9. Si la société requérante soutient que la taxe foncière sur les années 2019 et 2020 est prescrite, elle n’assortit pas son moyen des précisions suffisantes pour permettre au juge d’en apprécier le bien-fondé. En tout état de cause, il résulte de l’instruction que seules les parcelles cadastrées section H nos 31 et 38 ont fait l’objet de la déclaration n° 6660-REV effectuée le
6 mars 2013 par le précédent propriétaire. Ayant constaté que la société Auto casse Ferrari occupait également les parcelles cadastrées section H nos 32 et 33 alors soumises à la taxe foncière sur les propriétés non bâties, pour les besoins de son activité en tant que locaux de stockage à ciel ouvert et en l’absence de toute déclaration par la requérante d’un changement d’affectation conformément à l’article 1406 précité, l’administration fiscale a retenu ces deux parcelles dans la détermination de la taxe foncière sur les propriétés bâties.
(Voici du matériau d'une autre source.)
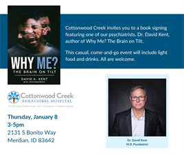 Cottonwood Creek Behavioral Hospital is proud to invite our community to a special book signing with Dr. David Kent, one of our psychiatrists and the author of Why Me? The Brain on Tilt.

Les cotisations afférentes ont alors été calculées au taux en vigueur pour l’année où l’omission ou l’insuffisance a été découverte, soit en 2021. La requérante étant devenue propriétaire trois ans auparavant de l’ensemble immobilier le 24 janvier 2018, la cotisation a été multipliée par 3, conformément à l’article 1508 du code général des impôts. Par suite, la société requérante n’est pas fondée à soutenir que les impositions 2019 et 2020 mises en recouvrement en 2022 seraient prescrites.
10. En deuxième lieu, aux termes de l’article 1381 du code général des impôts : " Sont également soumis à la taxe foncière sur les propriétés bâties : () 5° A l’exception de ceux mentionnés au dernier alinéa de l’article 1393, les terrains non cultivés employés à un usage commercial ou industriel, tels que chantiers, lieux de dépôt de marchandises et autres emplacements de même nature, soit que le propriétaire les occupe, soit qu’il les fasse occuper par d’autres à titre gratuit ou onéreux ; () ".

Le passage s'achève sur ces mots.